Returns: Dictionary with:

  • name: Server name
  • status: Current status
  • replicas: Desired replica count
  • ready_replicas: Number of ready replicas
  • available_replicas: Number of available replicas
  • updated_replicas: Number of updated replicas
  • endpoints: List of service endpoints
  • last_activity: Timestamp of last deployment update
  • conditions: List of deployment conditions

Raises:

  • ValueError: If server not found

start_mcp(name, wait_ready=True)

Start an MCP server by scaling from 0 to 1 replica.

Parameters:

  • name (str): MCP server name
  • wait_ready (bool): Wait for server to be ready (default: True)
  • timeout (int): Maximum wait time in seconds (default: 300)
  • namespace (str): Kubernetes namespace (default: "default")

Returns: Dictionary with server status after starting

Raises:

  • ValueError: If server not found
  • TimeoutError: If wait_ready=True and server doesn't become ready

stop_mcp(name, force=False)

Stop an MCP server by scaling to 0 replicas.

Parameters:

  • name (str): MCP server name
  • force (bool): Force immediate termination (default: False)
  • namespace (str): Kubernetes namespace (default: "default")

Returns: Dictionary with server status after stopping

Raises:

  • ValueError: If server not found

scale_mcp(name, replicas)

Scale an MCP server horizontally.

Parameters:

  • name (str): MCP server name
  • replicas (int): Desired replica count (0-10)
  • wait_ready (bool): Wait for all replicas to be ready (default: False)
  • timeout (int): Maximum wait time in seconds (default: 300)
  • namespace (str): Kubernetes namespace (default: "default")

Returns: Dictionary with server status after scaling

Raises:

  • ValueError: If server not found or invalid replica count

Worker Management Tools

list_workers(type_filter=None)

List all Kubernetes workers with their status, type, and resources.

Parameters:

  • type_filter (str, optional): Filter by worker type ("permanent" or "burst")

Returns: List of dictionaries with:

  • name: Worker node name
  • status: Worker status ("ready", "busy", "draining", "not_ready")
  • type: Worker type ("permanent" or "burst")
  • resources: Resource capacity and allocatable amounts
  • labels: Node labels
  • annotations: Node annotations
  • created: Node creation timestamp
  • ttl_expires (burst workers only): TTL expiration timestamp

Example:

from worker_manager import WorkerManager

manager = WorkerManager()

# List all workers
all_workers = manager.list_workers()
print(f"Total workers: {len(all_workers)}")

# List only burst workers
burst_workers = manager.list_workers(type_filter="burst")
print(f"Burst workers: {len(burst_workers)}")

# List only permanent workers
permanent_workers = manager.list_workers(type_filter="permanent")
print(f"Permanent workers: {len(permanent_workers)}")

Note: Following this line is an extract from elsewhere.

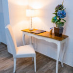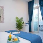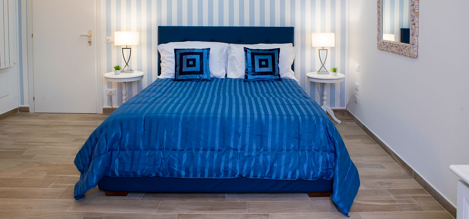 Camera comoda, accogliente, spaziosa e arredata con stile e raffinatezza di circa 22 mq, è dotata di letto matrimoniale, con eventuale culla, tv led da 32″, bagno munito di doccia 80×80, lavabo, wc e bidet, asciugamani, asciugacapelli e set cortesia. La stanza dispone inoltre di un ampio balcone, nel quale troverete un tavolino con due sedie per il vostro relax anche all’aria aperta.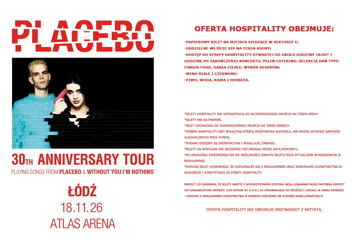 Perfect Vip prowadzi za pośrednictwem Systemu sprzedaż Biletów na Imprezę realizowaną przez partnera Perfect Vip (organizatora Imprezy: Live Nation sp. z o. o.). W związku z powyższym Perfect Vip oświadcza, że: a) nie jest organizatorem Imprezy; jak również b) nie jest odpowiedzialny za przebieg Imprezy.

provision_workers(count, ttl, size="medium")

Create burst workers by provisioning VMs and joining them to the Kubernetes cluster.

Parameters:

  • count (int): Number of workers to provision (1-10)
  • ttl (int): Time-to-live in hours (1-168, max 1 week)
  • size (str): Worker size ("small", "medium", or "large")
    • small: 2 CPU, 4GB RAM, 50GB disk
    • medium: 4 CPU, 8GB RAM, 100GB disk
    • large: 8 CPU, 16GB RAM, 200GB disk

Returns: List of provisioned worker information dictionaries

Raises:

  • WorkerManagerError: If provisioning fails or parameters are invalid

Example:

# Provision 3 medium burst workers with 24-hour TTL
workers = manager.provision_workers(count=3, ttl=24, size="medium")

for worker in workers:
    print(f"Provisioned: {worker['name']}")
    print(f"  Status: {worker['status']}")
    print(f"  TTL: {worker['ttl_hours']} hours")
    print(f"  Resources: {worker['resources']}")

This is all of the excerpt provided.